Another of the frequent tensions in Renkl’s work is that between the natural world and human activity. Renkl positions herself as the middle point between these two worlds, someone who is equally devoted to both. The use of Robert Frost’s poetry, for example, signifies her love of human creation, while her frequent descriptions of the beauty of the natural world give the clear impression that she’s in love with nature. However, this wonder and appreciation contrast with a sense of pessimism and fear. “The news,” she says, is “always bad,” and there’s rarely anything to be optimistic about. Meanwhile, the rebirth that occurs in spring can be a reminder of the looming threat of climate change as the world struggles to adjust to a new climate paradigm that threatens to disrupt cycles and patterns that have existed for many millennia. Renkl finds herself “scrolling, scrolling, scrolling” (77) through bad news, unable to tear herself away from the brutality of what she’s reading. Similarly, she tries to intervene to save a baby bird even though she knows that she should not. Her intervention has catastrophic results, as she indirectly causes the death of the baby bird. However, Renkl’s recognition of the tension between humanity and nature, between renewal and death, and between pessimism and optimism imbues her work with a sense of urgency. These tensions fuel her, reminding her of how moral urgency informs all her conservation action, and from this reflection emerges another theme: The Moral Urgency of Local Conservation. She wants to help, even when helping isn’t helpful.


Throughout Part 2, the COVID pandemic is a cultural backdrop to the story Renkl wants to tell.

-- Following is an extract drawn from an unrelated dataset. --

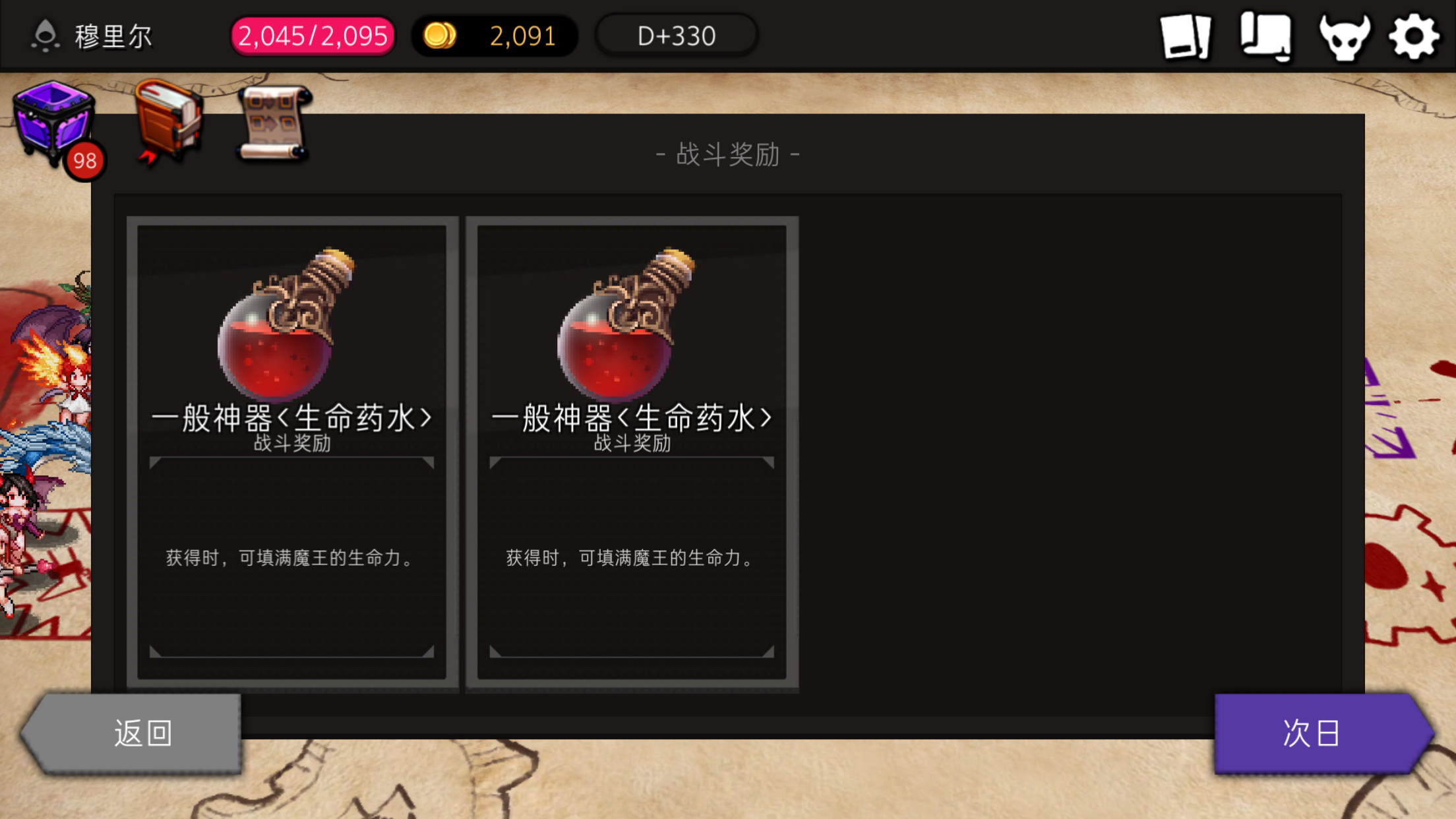 一瞬间要是2x一个没反应过来 你的魔物都凉了 都不知道你的魔王是怎么一直miss的 然后像喝水一样的血条进入重生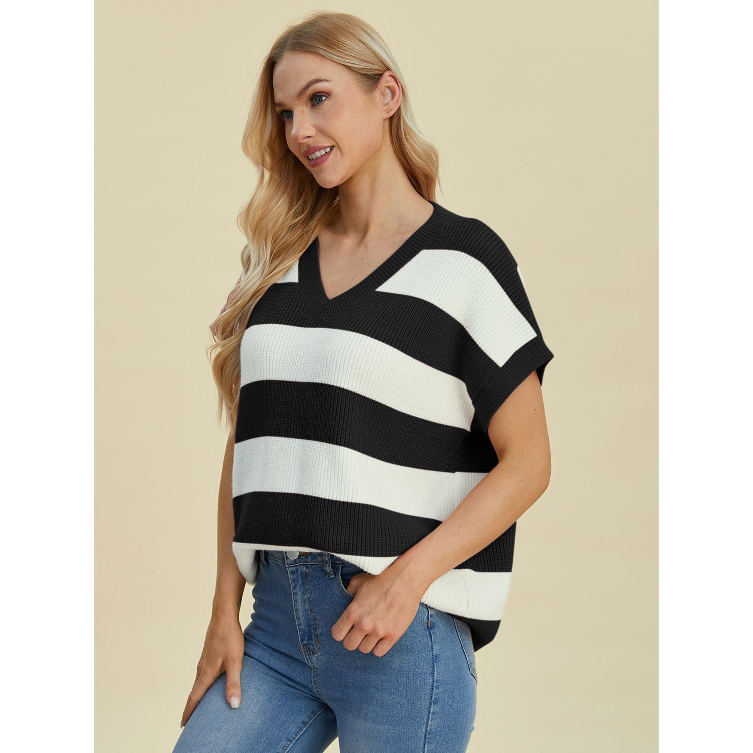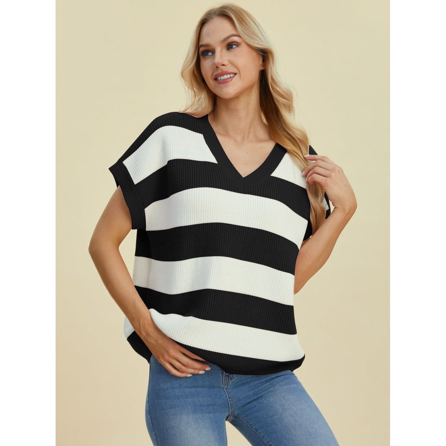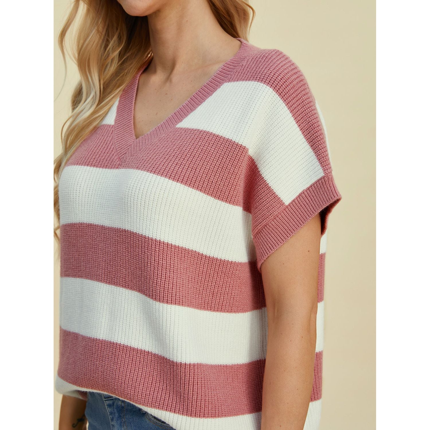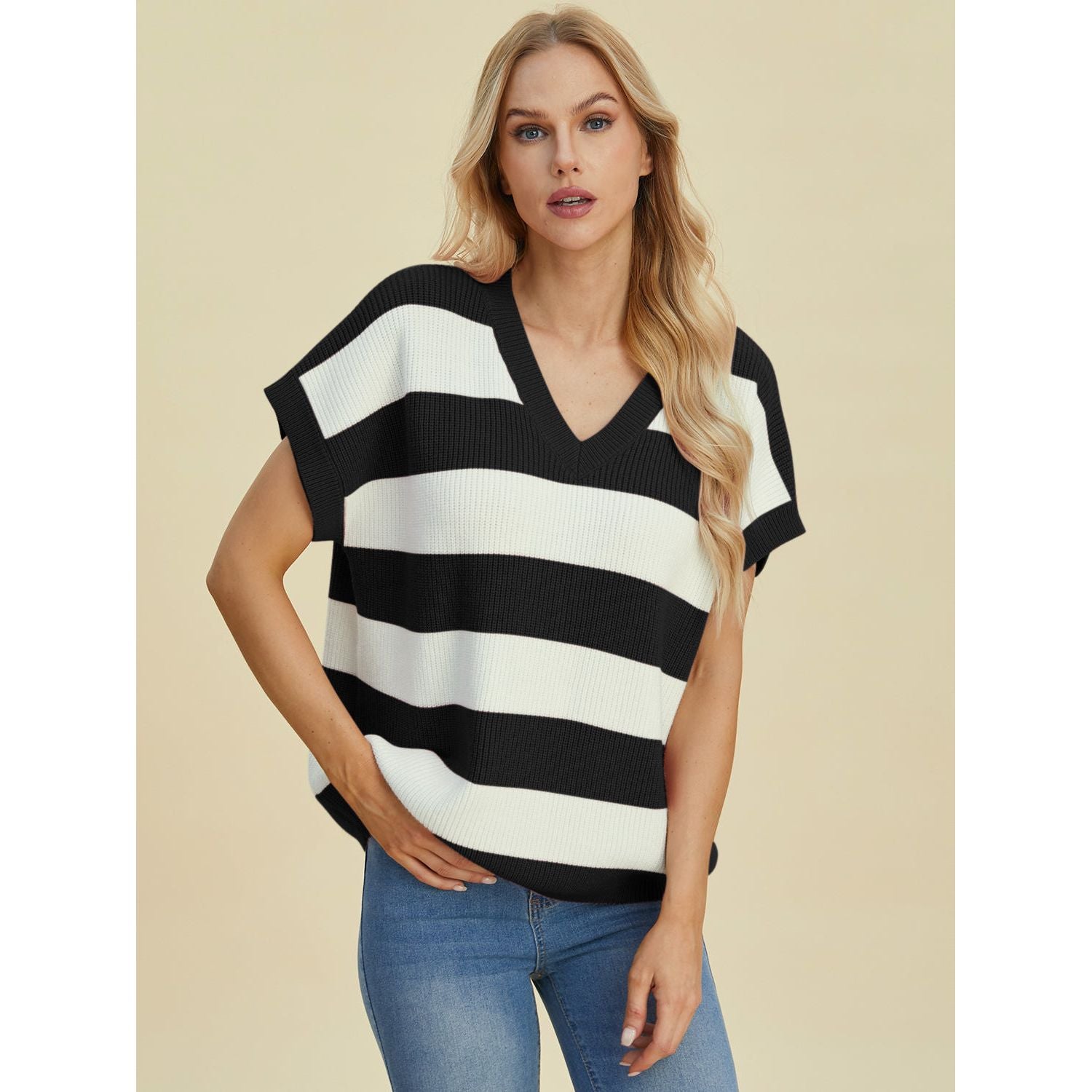 Double Take Full Size Striped V-Neck Short Sleeve Sweater

The lockdowns and isolation, she writes, give her a new perspective on the natural world and the relationships in her life. She and her husband visit a remote cabin, she says, not only for their own sake but to give their sons “some time away from [their parents]” (95). She describes how she contracted COVID and, during the three-week bout, turned into a person she “didn’t recognize.” The pandemic stifled her natural rhythms, disconnecting her from the world around her, as it did much of society. While The Comfort of Crows isn’t necessarily a book about the pandemic, Renkl wrote it during that time, so it informed Renkl’s experiences. The pandemic’s capacity to disrupt social norms is illustrative regarding calls for reform and action. COVID, in a terrible way, was transformative, so Renkl alludes to this transformation as evidence that a more positive change isn’t only possible, but necessary if humanity is to tackle climate change.